(Stored items from a collection)
────────

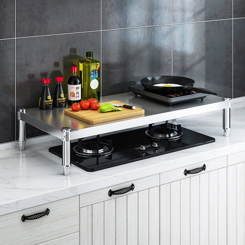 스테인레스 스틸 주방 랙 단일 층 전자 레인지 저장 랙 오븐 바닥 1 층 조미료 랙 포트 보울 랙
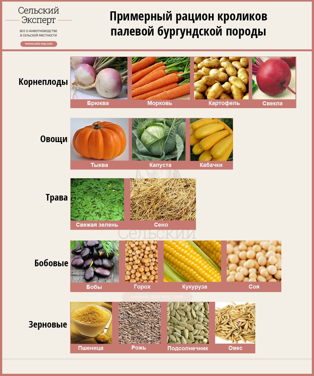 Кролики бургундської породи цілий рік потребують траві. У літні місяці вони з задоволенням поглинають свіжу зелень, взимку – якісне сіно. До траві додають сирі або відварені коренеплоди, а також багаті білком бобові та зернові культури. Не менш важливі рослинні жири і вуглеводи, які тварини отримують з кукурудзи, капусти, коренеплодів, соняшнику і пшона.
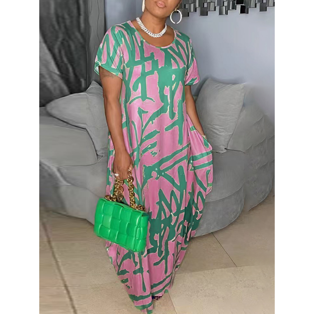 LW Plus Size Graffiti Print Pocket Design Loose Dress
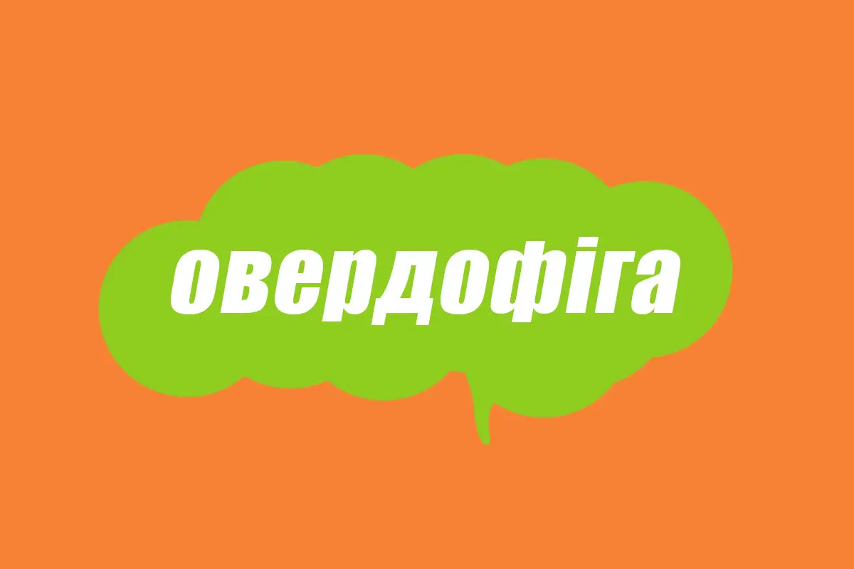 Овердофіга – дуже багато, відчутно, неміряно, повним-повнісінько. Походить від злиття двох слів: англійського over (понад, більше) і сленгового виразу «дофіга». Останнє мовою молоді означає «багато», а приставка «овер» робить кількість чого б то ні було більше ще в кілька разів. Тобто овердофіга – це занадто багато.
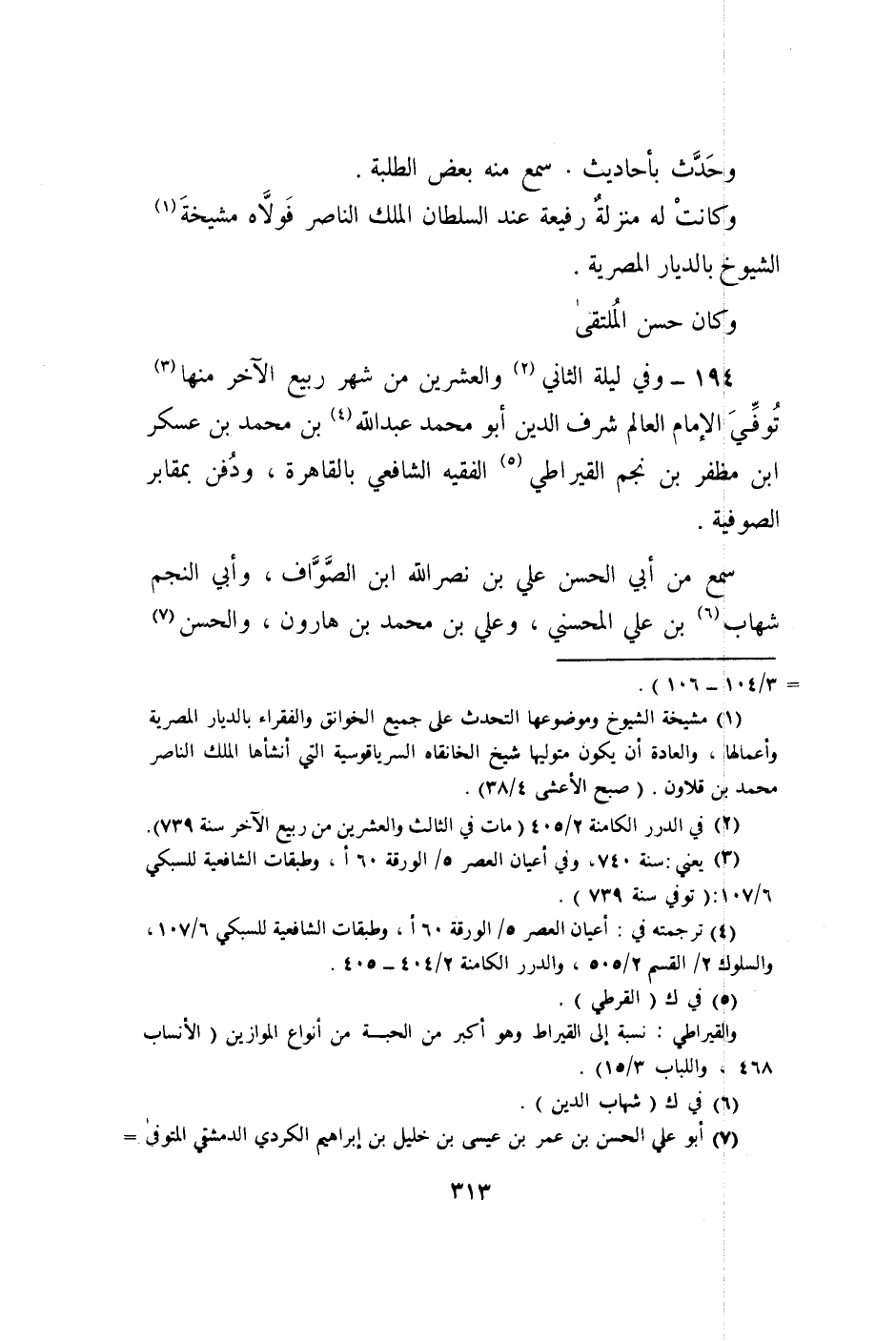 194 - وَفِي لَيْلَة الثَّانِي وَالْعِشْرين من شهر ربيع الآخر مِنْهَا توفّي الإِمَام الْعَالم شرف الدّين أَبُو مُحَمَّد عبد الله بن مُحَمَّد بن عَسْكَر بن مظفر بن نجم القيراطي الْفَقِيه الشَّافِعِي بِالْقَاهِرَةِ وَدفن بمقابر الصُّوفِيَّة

────────

• _Exercise details_
The reply should reproduce every entry above word for word and contain no pictures.

• _Output_
 스테인레스 스틸 주방 랙 단일 층 전자 레인지 저장 랙 오븐 바닥 1 층 조미료 랙 포트 보울 랙
 Кролики бургундської породи цілий рік потребують траві. У літні місяці вони з задоволенням поглинають свіжу зелень, взимку – якісне сіно. До траві додають сирі або відварені коренеплоди, а також багаті білком бобові та зернові культури. Не менш важливі рослинні жири і вуглеводи, які тварини отримують з кукурудзи, капусти, коренеплодів, соняшнику і пшона.
 LW Plus Size Graffiti Print Pocket Design Loose Dress
 Овердофіга – дуже багато, відчутно, неміряно, повним-повнісінько. Походить від злиття двох слів: англійського over (понад, більше) і сленгового виразу «дофіга». Останнє мовою молоді означає «багато», а приставка «овер» робить кількість чого б то ні було більше ще в кілька разів. Тобто овердофіга – це занадто багато.
 194 - وَفِي لَيْلَة الثَّانِي وَالْعِشْرين من شهر ربيع الآخر مِنْهَا توفّي الإِمَام الْعَالم شرف الدّين أَبُو مُحَمَّد عبد الله بن مُحَمَّد بن عَسْكَر بن مظفر بن نجم القيراطي الْفَقِيه الشَّافِعِي بِالْقَاهِرَةِ وَدفن بمقابر الصُّوفِيَّة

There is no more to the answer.